** Records shown **

════════════════

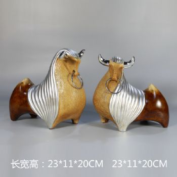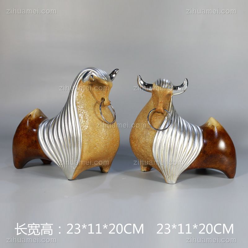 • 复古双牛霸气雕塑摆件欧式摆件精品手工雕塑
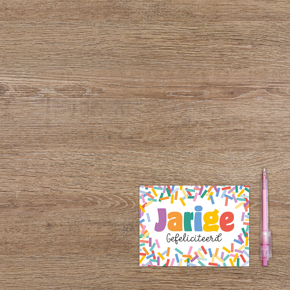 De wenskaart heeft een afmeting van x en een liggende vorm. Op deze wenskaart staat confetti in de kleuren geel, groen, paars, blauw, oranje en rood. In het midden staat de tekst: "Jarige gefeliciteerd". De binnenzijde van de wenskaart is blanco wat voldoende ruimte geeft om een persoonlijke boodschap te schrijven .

════════════════

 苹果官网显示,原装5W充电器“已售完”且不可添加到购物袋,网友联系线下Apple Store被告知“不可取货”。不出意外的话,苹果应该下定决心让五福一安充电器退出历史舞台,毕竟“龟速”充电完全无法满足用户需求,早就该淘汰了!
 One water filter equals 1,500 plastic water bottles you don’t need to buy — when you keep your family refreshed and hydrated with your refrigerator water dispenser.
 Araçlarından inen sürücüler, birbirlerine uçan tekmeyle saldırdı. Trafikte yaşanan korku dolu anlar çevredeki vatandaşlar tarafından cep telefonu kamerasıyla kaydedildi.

════════════════

** Exercise goal **
The expected output is exactly the lines of the listing above between the line holding "苹果官网显示,原装5W充电器" and the line holding "Araçlarından inen sürücüler, birbirlerine", inclusive.

** Solution for this task **
 苹果官网显示,原装5W充电器“已售完”且不可添加到购物袋,网友联系线下Apple Store被告知“不可取货”。不出意外的话,苹果应该下定决心让五福一安充电器退出历史舞台,毕竟“龟速”充电完全无法满足用户需求,早就该淘汰了!
 One water filter equals 1,500 plastic water bottles you don’t need to buy — when you keep your family refreshed and hydrated with your refrigerator water dispenser.
 Araçlarından inen sürücüler, birbirlerine uçan tekmeyle saldırdı. Trafikte yaşanan korku dolu anlar çevredeki vatandaşlar tarafından cep telefonu kamerasıyla kaydedildi.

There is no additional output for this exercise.